Scheduling problem (NP-Hard)

finding the optimal schedule for some optimization criteria

ie. minimum completion time of last task

Scheduling on a single processor

Execute in topological order

Special cases

Fork-join parallelism (OpenMP programming model)

sequential control flow

fork spawning new parallel tasks

join joining back to sequential control flow

Linear pipeline

$\small d$ pipeline depth (number of stages)

$\small m$ iterations

Greedy DAG scheduling

Greedy DAG scheduler

Goal = Assigning as many tasks as possible to available processors.

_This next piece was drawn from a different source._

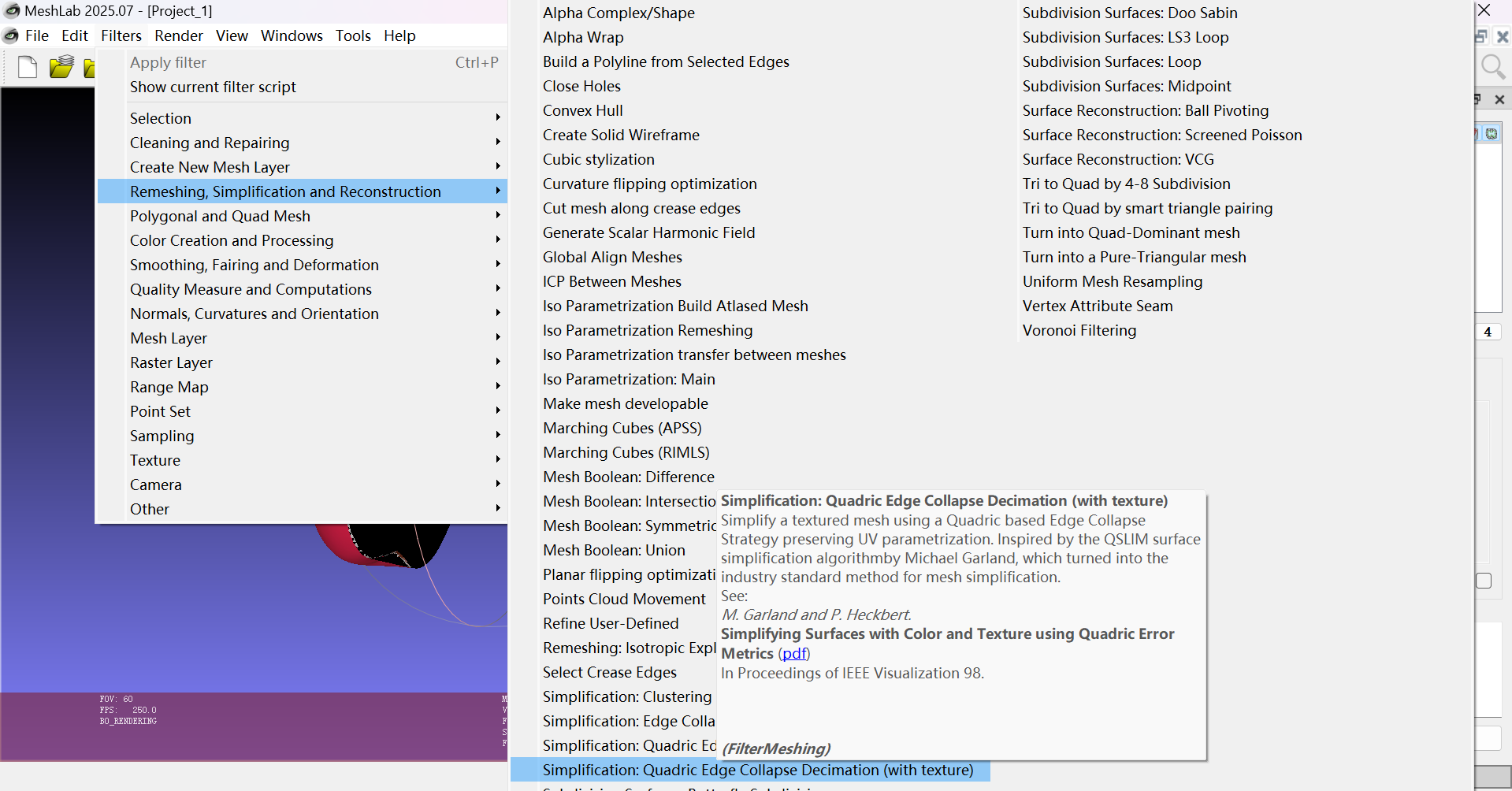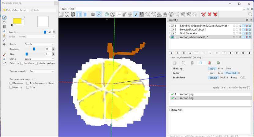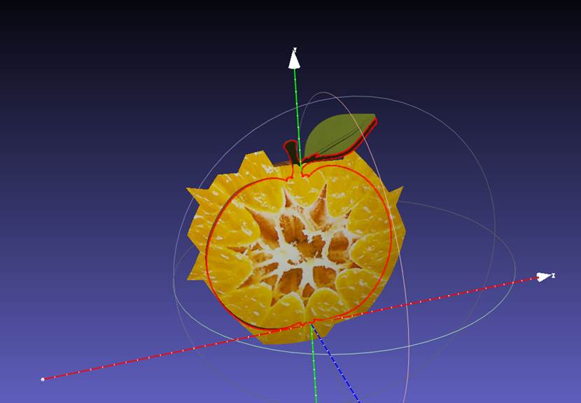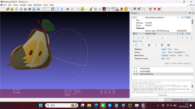 (1)使用自编写脚本SFM算法+深度相机360°扫描构建水果点云模型,通过MeshLab处理导出为.obj模型;使用腾讯混元3D模型生成.obj水果完整体模型;使用MeshLab处理并二次型边缘下采样算法压缩获得.obj水果碎块体模型。
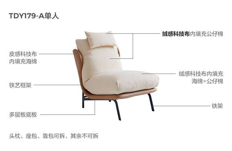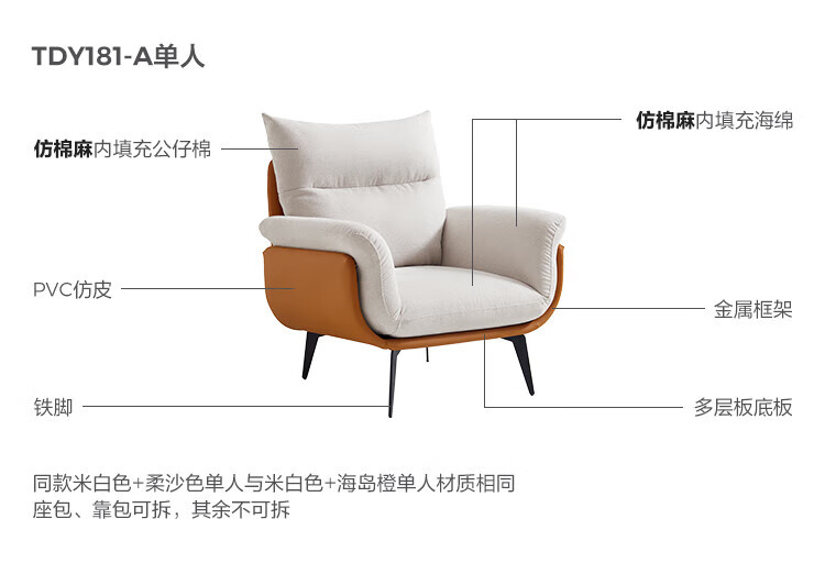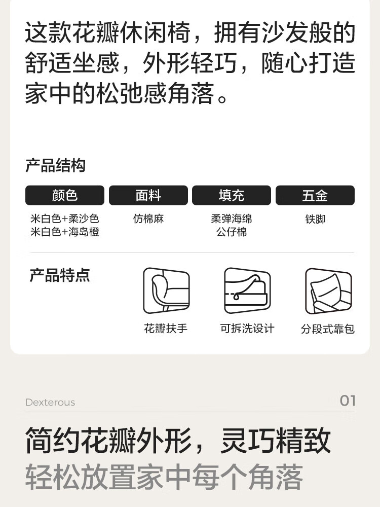 LINSY KIDS花瓣休闲椅客厅单人沙发椅子靠背椅简约小户型林氏木业TDY179 【柔沙色】亲肤仿棉麻TDY181-A

“Complete step” = at least $\small p$ tasks are ready or being executed (otherwise called incomplete ).

Theorem

Greedy DAG scheduler executes with work $\small W$ and depth $\small T_\infin$ in:

$\small \text{Tpar}(p,n) \leq W / p + T_\infin$ time steps

Based on the other laws:

$\small \text{Tpar}(p,n) \leq W / p + T_\infin \leq 2 \cdot \max(W / p, T_\infin )$

Work law: $\small \text{Tpar}(p,n) \geq W/n$

Depth law: $\small \text{Tpar}(p,n) \geq T_\infin(n)$

Achieved $\small \text{Tpar}(p,n)$ is therefore usually within a factor of $\small 2$ from the optimal schedule (with minimal time as optimization criteria).